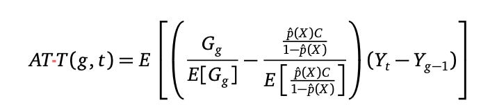 It’s a simple estimator in some ways. In contrast to two-way fastened results, the place the entire knowledge is processed as soon as utilizing matrix calculations to resolve for a single coefficient, CS as its typically known as estimates smaller constructing block coefficients, one after the other, after which takes weighted averages of them when you’ve accomplished doing them. These coefficients are known as 2x2s and when assumptions maintain they map onto one thing known as the group-time ATT, or ATT(g,t). The ATT(g,t) is a inhabitants estimand, as they are saying, which in a sampling framework means for those who had all the info, you’d calculate it like this:
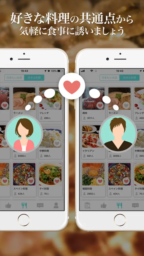 「行きたいお店」や「好きな料理」で繋がるマッチングアプリ!
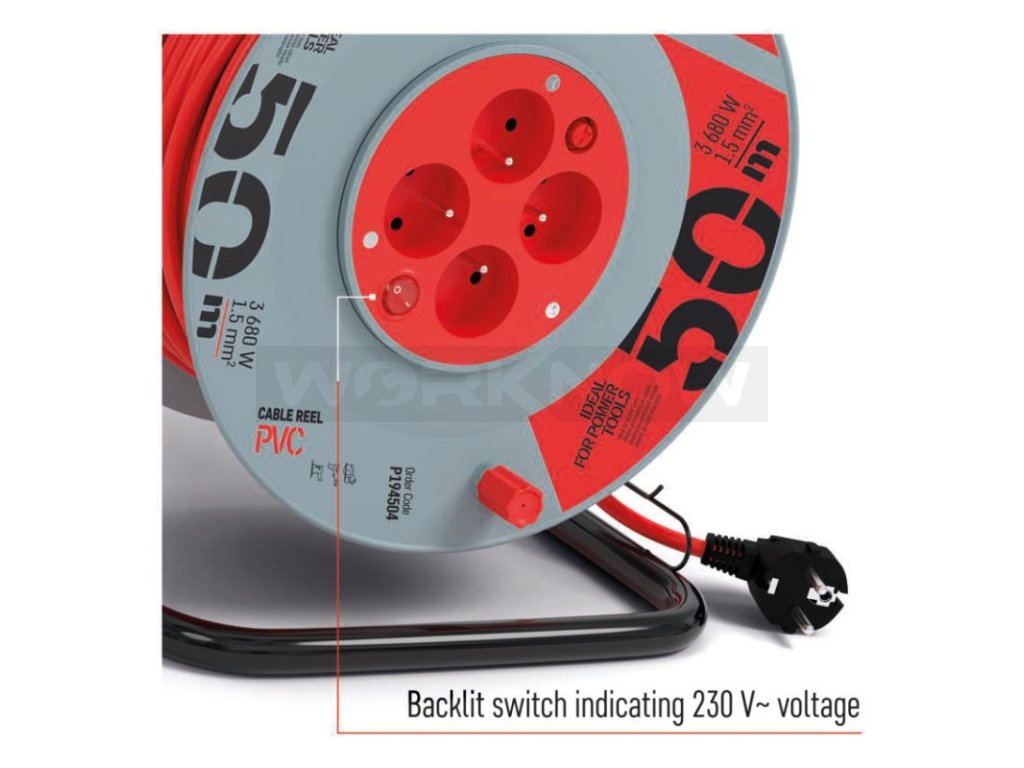 Vodící oko pro snadné navíjení kabelu. Zabraňuje spadnutí kabelu při navíjení z cívky navijáku. Podsvícený vypínač, který signalizuje napětí 230 V~.

PROBLEM TO SOLVE = Restate the data above word for word. Do not include the images.

SOLUTION FOR THIS PROBLEM =
 It’s a simple estimator in some ways. In contrast to two-way fastened results, the place the entire knowledge is processed as soon as utilizing matrix calculations to resolve for a single coefficient, CS as its typically known as estimates smaller constructing block coefficients, one after the other, after which takes weighted averages of them when you’ve accomplished doing them. These coefficients are known as 2x2s and when assumptions maintain they map onto one thing known as the group-time ATT, or ATT(g,t). The ATT(g,t) is a inhabitants estimand, as they are saying, which in a sampling framework means for those who had all the info, you’d calculate it like this:
 「行きたいお店」や「好きな料理」で繋がるマッチングアプリ!
 Vodící oko pro snadné navíjení kabelu. Zabraňuje spadnutí kabelu při navíjení z cívky navijáku. Podsvícený vypínač, který signalizuje napětí 230 V~.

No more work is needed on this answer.